EX-32 6 d350372dex32.htm CERTIFICATE OF CEO AND CFO PURSUANT TO SECTION 1350 Certificate of CEO and CFO pursuant to Section 1350

EXHIBIT 32

CERTIFICATION PURSUANT TO 18 U.S.C.

SECTION 1350, AS ADOPTED PURSUANT TO

SECTION 906 OF THE SARBANES OXLEY ACT OF 2002

In connection with the Quarterly Report of Kaiser Ventures LLC (the “Company”) on Form 10-Q for the quarter ended March 31, 2012, as filed with the Securities and Exchange Commission as of the date hereof (the “Report”), we, Richard E. Stoddard, Chief Executive Officer and James F. Verhey, Chief Financial Officer of Kaiser Ventures LLC (the “Company”), certify pursuant to 18 U.S.C. Section 1350 as adopted pursuant to Section 906 of the Sarbanes-Oxley Act of 2002, that:

1. The Report fully complies with the requirements of Section 13(a) or 15(d) of the Securities Exchange Act of 1934, as amended; and

2. The information contained in the Report fairly presents, in all material respects, the financial condition and results of operations of the Company.

 

Date: May 15, 2012      

/s/ Richard E. Stoddard

 
      Richard E. Stoddard  
      Chairman of the Board, President & CEO  
     

/s/ James F. Verhey

 
      James F. Verhey  
      Executive Vice President - CFO  
      Principal Financial & Accounting Officer  

A signed original of this written statement required by Section 906, or other document authenticating, acknowledging, or otherwise adopting the signature that appears in typed form within the electronic, version of this written statement required by Section 906, has been provided to the Company and will be retained by the Company and furnished to the Securities and Exchange Commission or its staff upon request.

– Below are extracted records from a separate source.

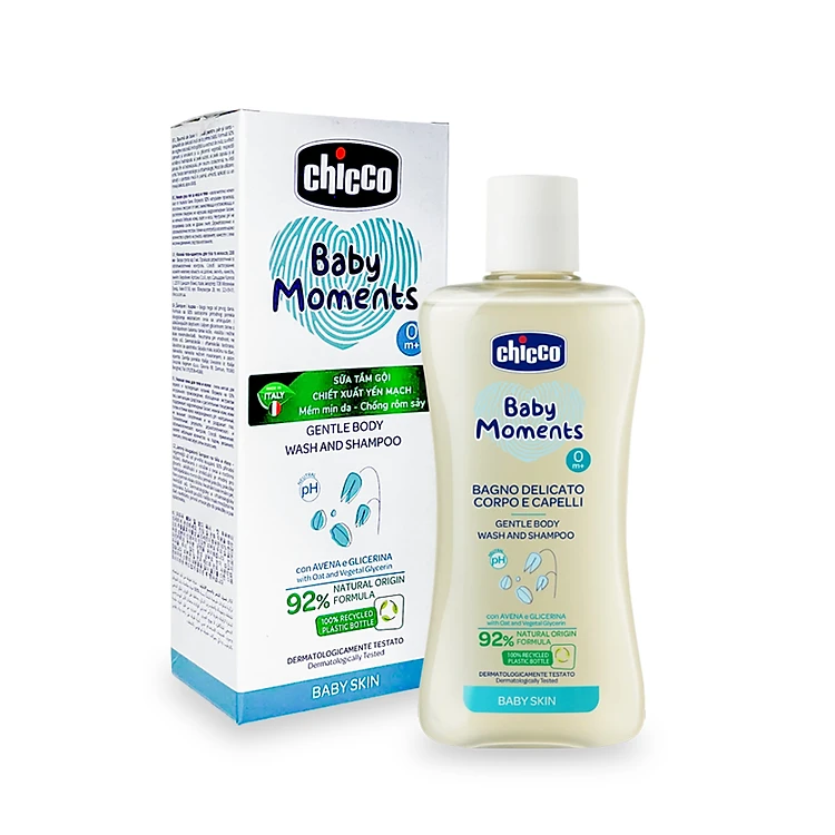 Sữa TẮM GỘI CHICCO Baby Moments Chiếc Xuất Yến Mạch Dưỡng Ẩm Mềm Da Chống Rôm Sảy, từ 0 Tháng Tuổi, chai 200ml/500ml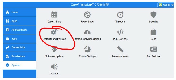 To display the screen below - click on System and then Defaults and Policies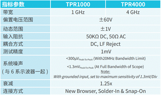 泰克的電源軌探頭TPR系列,20MHZ帶寬下的底噪的峰峰值(注意是峰峰值)低至300uV。而且TPR探頭還支持高達60V的偏置電壓,多種多樣的探頭附件,不僅測得準,用起來還很方便。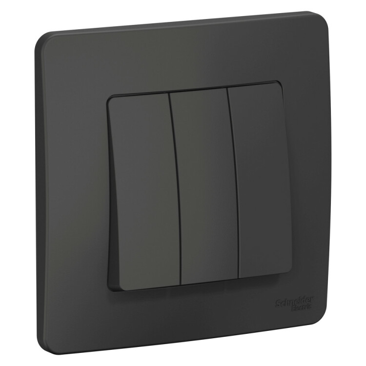 Выключатель Systeme Electric (ранее Schneider Electric) BLANCA (антрацит, скрытой установки) трехклавишный предназначен для сетей до 250В, на ток до 10А. Трехклавишный выключатель позволяет управлять тремя источниками света из одной точки. Он изготовлен из ABS-пластика, прост в установке и удобен в применении.

This certification accompanies this Report on Form 10-Q pursuant to Section 906 of the Sarbanes-Oxley Act of 2002 and shall not, except to the extent required by such Act, the deemed filed by the Company for purposed of Section 18 of the Securities Exchange Act of 1934, as amended (the “Exchange Act”). Such certification will not be deemed to be incorporated by reference into any filing under the Securities Act of 1933, as amended, or the Exchange Act, except to the extent that the Company specifically incorporated it by reference.